** DATA PROVIDED **
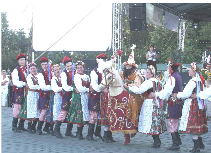
Zespół „Biawena” z Białej Podlaskiej

W ramach projektu „Kultura bez granic” została przewidziana również dwudniowa polsko-białoruska konferencja „Perspektywy rozwoju współpracy
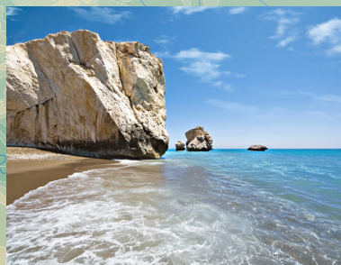
Aphrodite's Rock u Paphosu, Cipar

** WHAT THE TASK REQUIRES **
Word for word, print all of the data; skip the pictures.

** EXERCISE SOLUTION **
Zespół „Biawena” z Białej Podlaskiej

W ramach projektu „Kultura bez granic” została przewidziana również dwudniowa polsko-białoruska konferencja „Perspektywy rozwoju współpracy
Aphrodite's Rock u Paphosu, Cipar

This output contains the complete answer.